Singapore had to adopt a policy of open trade, because of its small size and lack of natural resources. Under such conditions it was expected that Corporate Governance in Singapore would evolve along the lines of US and UK. In the Post Asian scenario, Corporate Governance in practice and philosophy has evolved rapidly toward the standards set by the Organization for Economic Cooperation and Development (OECD).But in Singapore Corporate Governance is still limited by 5 factors ownership structure, disclosure regime, structure of the board of directors, use of share option schemes and government corporate ownership.
The high concentration of ownership and poor disclosure combined with unclear rules in the takeover market, work in favor of owner-managers who can exploit the weak bargaining power of minority shareholders. Institutional monitoring is confined to the Monetary Authority (Singapore central bank) for financial institutions and the Stock Exchange for other firms.
The Singapore Corporate Governance system is based on the Anglo American model, which revolves around capital market controls of managerial behavior.
Companies Legislation and Shareholders Rights
The Companies Act of 1990 governs the registration of companies and is the primary source of law protecting the rights of shareholders. The Articles of Association gives in detail the rights of shareholders. A model set of Articles of Association is contained in the Fourth Schedule of the Act. Association is contained in the Fourth Schedule of the Act. The Model applies to companies that have not adopted their own Articles, or where the companies’ Articles are silent on specific issues. Under the model Articles of Association, companies are allowed to issue shares with different rights pertaining to dividends, voting or return of capital. However, Section 64 of the Act requires all ordinary shares to carry one vote per share (the exception being a management share issued by a newspaper company under the Newspaper and Printing Presses Act). Other major features of company legislation relating to shareholders’ rights include voting by proxies must be in person and not by mail, and cumulative voting for directors is not permitted.
Regulations of Takeovers
The Singapore Code on Takeovers and Mergers is the major source of guidance on the conduct and procedures to be followed in takeover and merger transactions. The Code is non-statutory and supplements and expands on the statutory provisions on takeovers found in sections 213 and 214 and the Tenth Schedule of the Companies Act. It is modeled on the UK model Code, whereby shareholders, rather than directors (as is the case in the US), decide whether to accept or reject an offer. Companies listed on the SGX that are parties to a takeover or merger also have to comply with the provisions in the Listing Manual of the SGX.

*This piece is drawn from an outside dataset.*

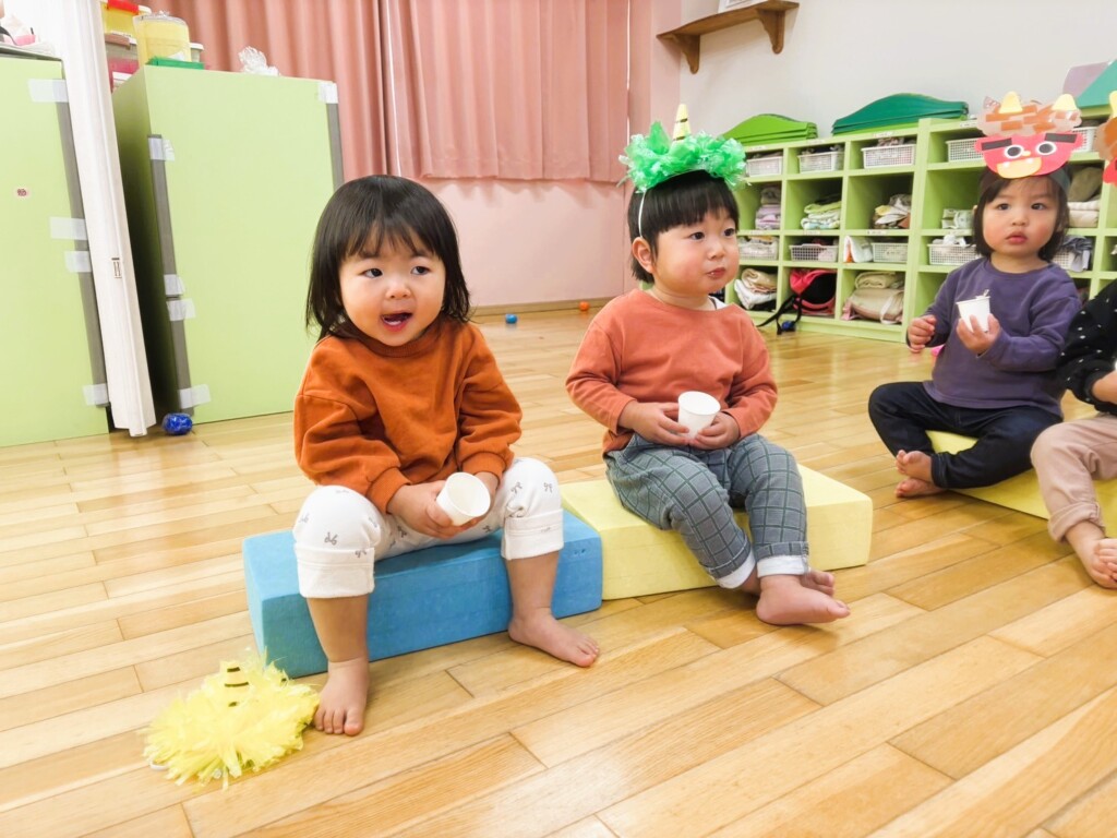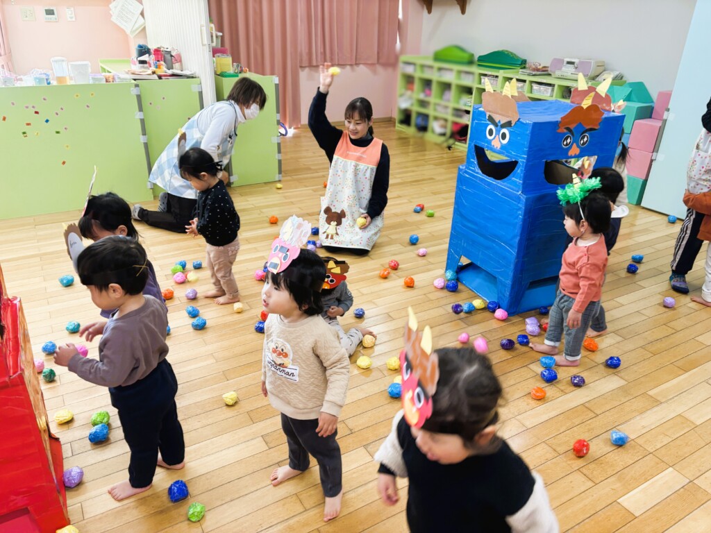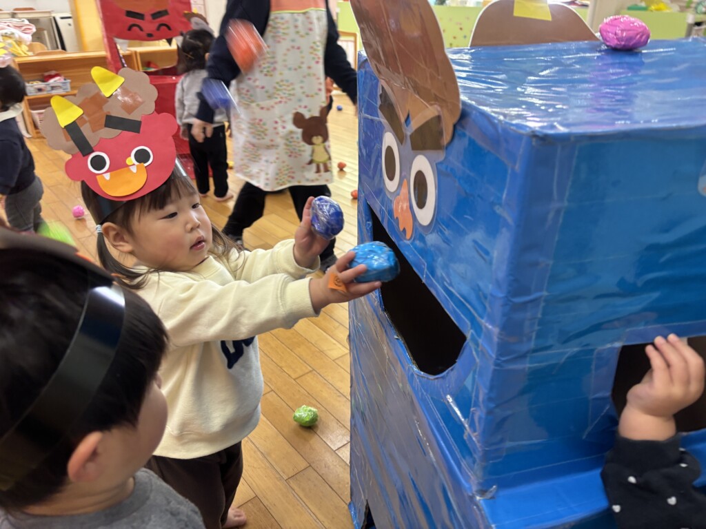 0・1歳児の子どもたちも、鬼のボール入れの遊具を使って豆まき遊びをみんなで楽しみました♪

Regulation in the public sector is effected primarily by the Registry of Companies and
Businesses (RCB), which administers the Companies Act of 1990, and the Monetary Authority of Singapore, which administers the Securities Industry Act of 1986. The Companies Act requires financial statements to comply with the detailed disclosure requirements in the Ninth Schedule and to present a true and fair view. Certain differences exist in accounting and auditing requirements for private companies, public companies and listed companies.
The regulation of accounting in Singapore involves a combination of private sector and public sector regulation. The Statements of Accounting Standards (SAS) together with the rules contained in the Stock Exchange Listing Manual (administered by the SGX) and the Companies Act determine how accounting is practiced in Singapore. The two major institutions involved in private sector regulation are the professional accounting body, The Institute of Certified Public Accountants of Singapore (ICPAS), and the Singapore Exchange (SGX).
The ICPAS has sole responsibility for developing and maintaining the Statements of Accounting Standards (SAS) and issuing Statements of Recommended Accounting Practice (RAP), which specify how to account for various business transactions. Standards-setting is done through the Accounting Standards Committee, which is appointed by the Council of the ICPAS. Each new Standard becomes part of GAAP, the “accounting law of the land.” There is also the Financial Statements Review Committee of the ICPAS which reviews published financial statements for compliance with statutory requirements.
Financial Sector Regulations
The institutional environment in which corporate governance is played out would not be complete without understanding the role and importance of the financial services sector. The Singapore government as an early part of its industrial policy targeted the financial services sector for development into one of the key sector for the local economy.
The regulation of disclosure standards in financial institutions is spread over a number of institutions, namely the SGX, Monetary Authority of Singapore (MAS), Securities Industry Council, Registrar of Companies and Commercial Affairs Department of the Ministry of Finance.
Investments of banks in other commercial enterprises is limited by the Banking Act of 1970, to a specified percentage of its capital funds, in recent times it is 10% in the share capital of a company. The only exception being when a bank invests in companies set up to expand growth in Singapore.